Custom data set for data genration

All data generation is based on a base set defined in the DataStore. If you wish to use your own set of names (e.g. In function of some localization or peculiar business context) you can access the sets a public, static values. For example, the

DataStore.EnglishMaleName = new[]{"John", "Peter", "David"};
DataGenerator.ResetMarkovChains();

Will changes the male name set and the reset will ensure that the data is re-initialized. This ResetMarkovChain method drops the cached values and is essential if you use your own data sets.

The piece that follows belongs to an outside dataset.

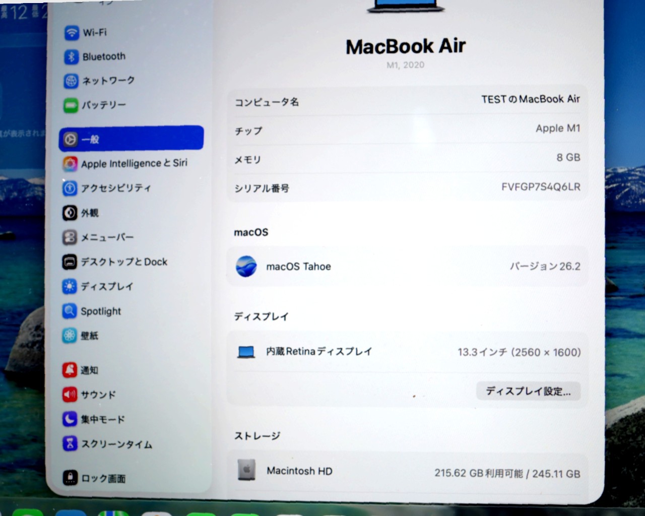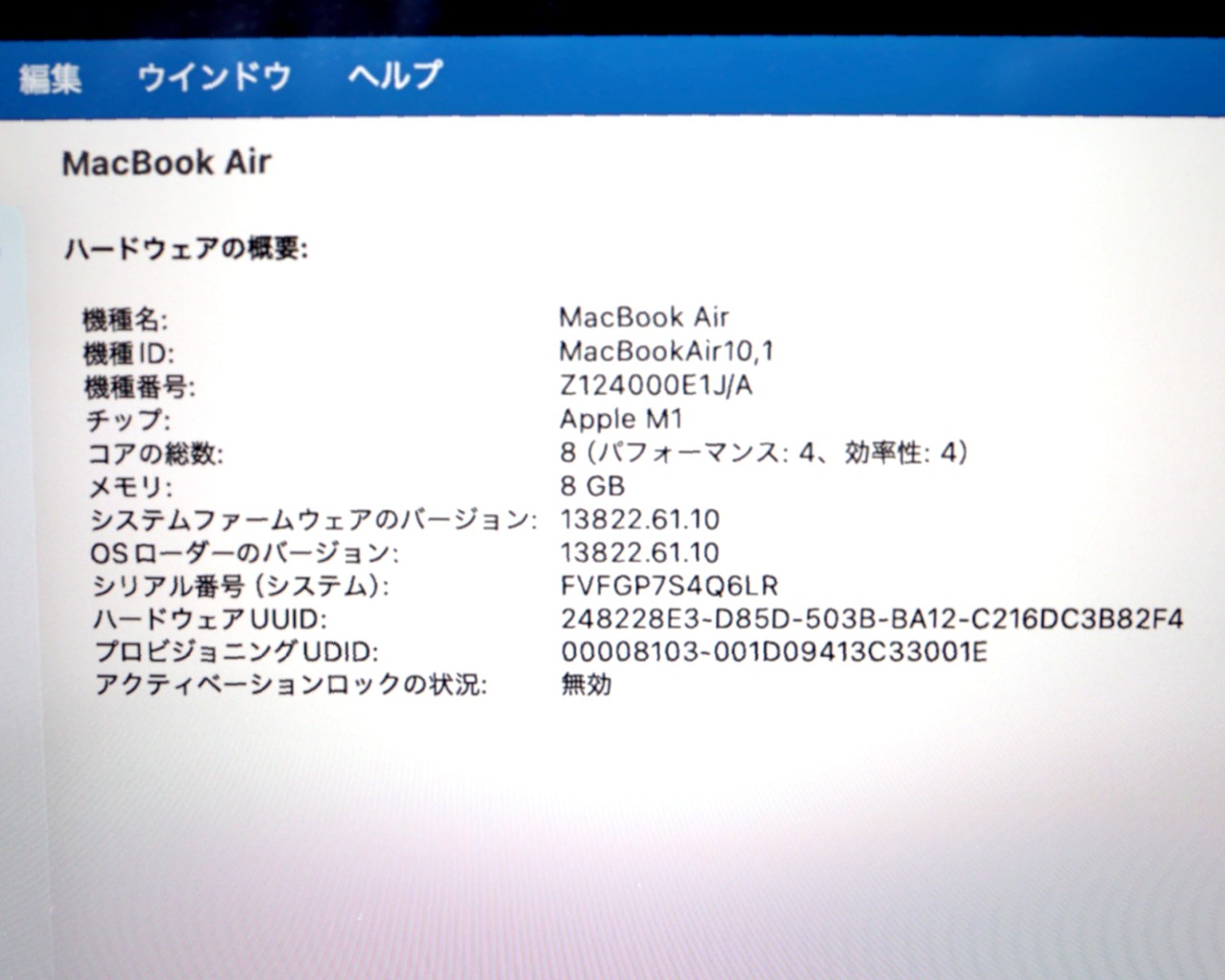 CPU : Apple M1チップ 8コア
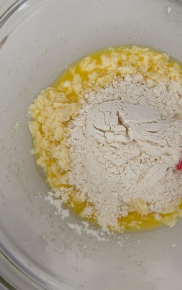 • Zu diesem Zeitpunkt das Mehl mit dem Backpulver hinzufügen.

On uniqueness of the generated item

The Markov chain class ensures (by default) uniqueness across the generate sets by retaining a cache of used items. This means that if your custom data set is too small with respect to the amount of items you wish to generate the chain will fail to find variations and thus will get stuck in an endless loop. To this end there is a property called EnsureUniqueness on the MarkovNameGenerator class which can be set to false and which bypasses the check. Meaning that also small datasets can generate large numbers of items but uniqueness is not guaranteed anymore.

Random person data

To generate a set of 100 full names with middle initials you would use:

DataGenerator.RandomPersonNameCollection(PersonDataType.FullNameWithMiddleInitial, 100);

The PersonDataType offers the following options:

  • MaleFirstName: the first name of a male person
  • FemaleFirstName: the first name of a female person
  • FirstName: the first name of a male or female person
  • FamilyName: a family name
  • FullName: a male or female first name followed by a family name
  • FullNameWithMiddleInitial: same as FullName but with a middle initial between the firstname and family name

A typical batch with the FullNameWithMiddleInitial would produce something like:

{Zacheatha L. Elson, Tiago X. Pepall, Chasia U. Rtinez, Nashe F. Zalez, Rianai O. Orriso, Rissac Y. Llingto, Ustian J. Brown, Makayla V. Green, Ouise T. Brera, Lilanes K. Ramirez, Roder C. Valji, Kenda N. Rnanayake, Crain S. Alker, Destony M. Arrott, Tinia V. Angels, Eagan C. Orres, Stino P. Omvillin, Kiann X. Selvaratnam, Orinee U. Lliams, Miniqueli H. Homas, Jagger M. Ewartin, Utumn O. Ensdales, Ashton G. Scott, Ytony X. Rrison, Arian G. Ilson, Brysta M. Herby, Emanuel V. Moore, Dolynn O. Ukins, Endale A. Arker, Hector K. Tchelson, Emiano F. Adhyad, Daria Q. Illips, Elynn A. Artine, Ordyn G. Llinson, Akota C. Aylore, Palond D. Young, Jaden Z. Millin, Arlton D. Aller, Conra M. Wilson, Ylerm T. Edeson, Ennen X. Ashingbert, Chelesli Z. Lington, Ustus U. Hompso, Ebeca A. Pperez, Celynn N. Feuvre, Anabet I. Davis, Emiah B. Artinez, Llyssan Q. Dhyad, Metric O. Hayes, Lilan X. Urner, Ystalia N. Lvaratnam, Ydenz G. Helly, Thenry W. Deson, Alinee Q. Witte, Jacke A. Mitchez, Ximothy X. Lstridge, Annabetha E. Llingber, Argan B. Millen, Renna Z. Perdu, Ydenny N. Mckiddie, Aydenz B. Denial, Arrio U. Llips, Nnethan E. Bryant, Itney F. Garcia, Eshaun X. Parker, Gustyn I. Thompson, Riannah S. Gauge, Llian L. Martin, Leigh W. Jones, Ielleen Z. Rsnelson, Asonn U. Virji, Nkierce K. Khambaita, Amustu P. Larke, Imond S. Martinez, Ilipe G. Llingbe, Tephery O. Wardli, Nnethe S. Mccalman, Attien C. Gelson, Eonard W. Larker, Lvatonel P. Butler, Nathenriq Z. Arrison, Lvince J. Hnson, Elyssa I. Amirez, Elisa R. Nnett, Erick A. White, Onaldon F. Philling, Isiah V. Ckson, Harley U. Simmons, Aristinee K. Wright, Ricento A. Coooks, Ainey O. Eatherby, Gunnar L. Davie, Livian B. Harris, Ngelo O. Henderson, Marileen M. Walker, Freden L. Weild, Eesen P. Warter, Lania P. Ennett, Esonnon K. Elshel, Aliya N. Wrigue,}

The default call to this method returns a batch of 15 person names with the FullNameWithMiddleInitial option.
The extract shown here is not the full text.